I've been plagued with a perpetual cold recently and it just won't subside. I took one day off from school because I was feeling miserable, but that didn't help much because I had the ACT the next day so I wanted to study. I feel like I need a couple of days to recuperate from this, but I just don't have the time. Don't you sometimes wish you could stretch the day longer? I do. Today, I'd take a long nap and then probably do some homework and laundry. Which I've neglected to do for a very long time, by the way. My laundry was due to be done last Tuesday. And it's Sunday. Yay for growing up and having to do your laundry solo.
Speaking of growing up, I feel like I have a lot more freedoms now, but a lot of responsibilities. I know, I know, that's what everyone says. But it's true. Yes, I can drive all over the place now and go get Starbucks if I want to and do whatever. However, I have to compile college things myself. I have to be on top of stuff that I would usually delegate out to my dad. It's tough but it's good. The freedoms are worth the pain of self-management.

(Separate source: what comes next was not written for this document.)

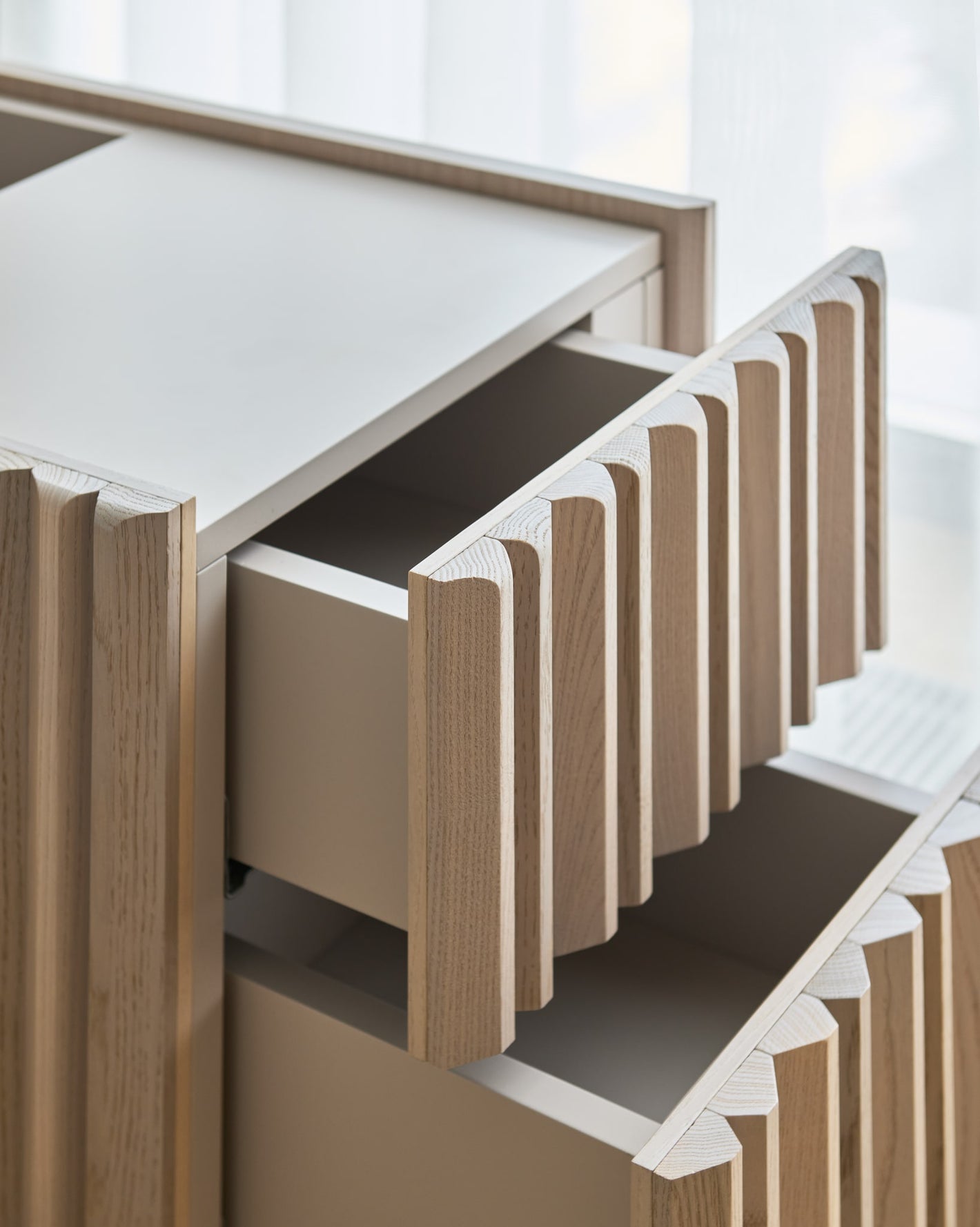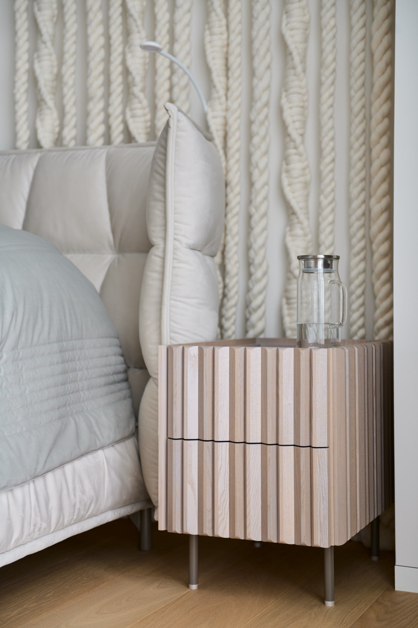 The bedside table is a logical continuation of the Pontelli furniture collection and the Pontelli wall panel that was created by Juanny Barcelo Borges based on the works of the famous artist Baccio Pontelli. Its timeless pattern has captivated interior enthusiasts with a penchant for wood aesthetics. Purposefully designed with comfort and functionality in mind, these bedside tables are a tailored addition to the bedroom domain. The meticulous design cleverly conceals light switches, sockets, and phone wallets, providing an uncluttered appearance. The front facade combines oak and ash, while the interior boasts MDF veneered with natural ash, harmonizing durability with elegance.

Lately, I've been really lusting over San Fran. For those of you that've followed my blog for a little bit, you'd know that I want to live in the Bay Area when I'm older. It's honestly a beautiful city and I feel like we're made for each other (me and san fran, that is). I keep looking at pictures of the city and freaking out because it's so pretty. I wish I lived there. So, so, so badly.
Bay Area? More like BAE area am I right? *chuckles*
Hopefully I'll write up something a little more meaningful later, but this is all for now.
Also I've been loving Bob Marley reggae recently. Is this love that I'm feeling?